----- DATA TO PROCESS
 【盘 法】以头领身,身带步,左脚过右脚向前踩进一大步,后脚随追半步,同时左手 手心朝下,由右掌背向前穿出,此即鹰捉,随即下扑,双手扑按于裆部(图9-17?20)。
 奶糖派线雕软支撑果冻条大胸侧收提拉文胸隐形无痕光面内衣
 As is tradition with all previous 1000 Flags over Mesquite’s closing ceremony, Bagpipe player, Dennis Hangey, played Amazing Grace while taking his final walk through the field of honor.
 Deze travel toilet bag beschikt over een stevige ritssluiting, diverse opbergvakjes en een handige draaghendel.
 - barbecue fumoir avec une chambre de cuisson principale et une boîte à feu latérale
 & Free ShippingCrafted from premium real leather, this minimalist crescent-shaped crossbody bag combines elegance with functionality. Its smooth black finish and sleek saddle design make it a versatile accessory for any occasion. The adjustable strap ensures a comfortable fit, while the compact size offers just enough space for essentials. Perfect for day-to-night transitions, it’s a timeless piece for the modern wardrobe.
----------
----- DATA TO PROCESS
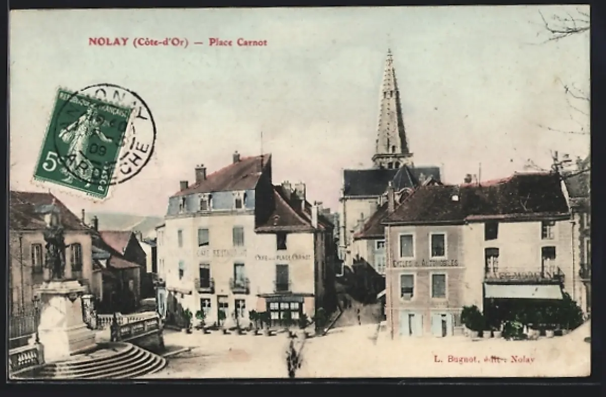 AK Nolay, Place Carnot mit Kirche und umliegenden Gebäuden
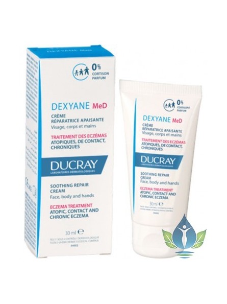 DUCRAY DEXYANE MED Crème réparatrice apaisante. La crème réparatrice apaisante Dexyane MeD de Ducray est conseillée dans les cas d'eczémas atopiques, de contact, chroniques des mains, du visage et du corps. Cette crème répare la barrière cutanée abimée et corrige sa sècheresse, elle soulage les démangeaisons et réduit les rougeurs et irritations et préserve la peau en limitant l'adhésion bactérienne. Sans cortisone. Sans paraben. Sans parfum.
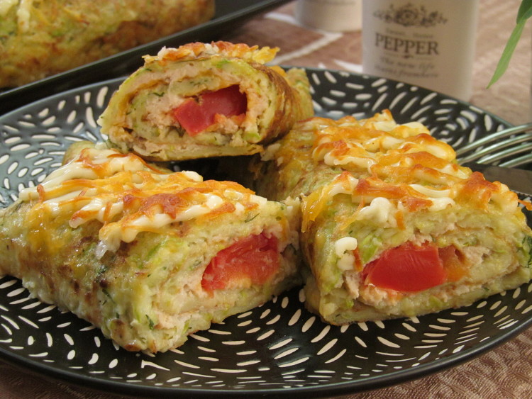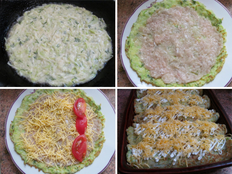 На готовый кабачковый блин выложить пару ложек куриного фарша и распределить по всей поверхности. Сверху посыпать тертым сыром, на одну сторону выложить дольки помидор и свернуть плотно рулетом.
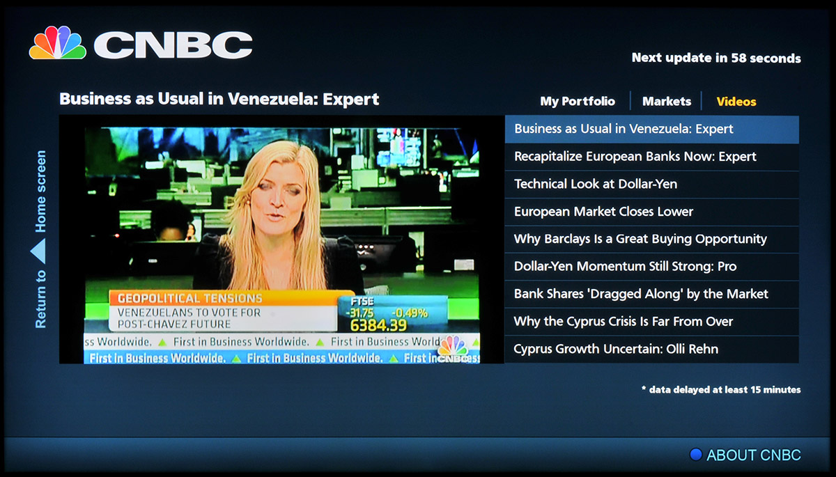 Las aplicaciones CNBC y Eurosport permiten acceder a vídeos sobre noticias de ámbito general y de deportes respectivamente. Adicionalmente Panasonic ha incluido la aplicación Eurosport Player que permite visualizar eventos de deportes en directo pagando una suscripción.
----------
WHAT THIS TASK INVOLVES: Your response should be the lines of the entries above that include the string "over".

SOLUTION:
 As is tradition with all previous 1000 Flags over Mesquite’s closing ceremony, Bagpipe player, Dennis Hangey, played Amazing Grace while taking his final walk through the field of honor.
 Deze travel toilet bag beschikt over een stevige ritssluiting, diverse opbergvakjes en een handige draaghendel.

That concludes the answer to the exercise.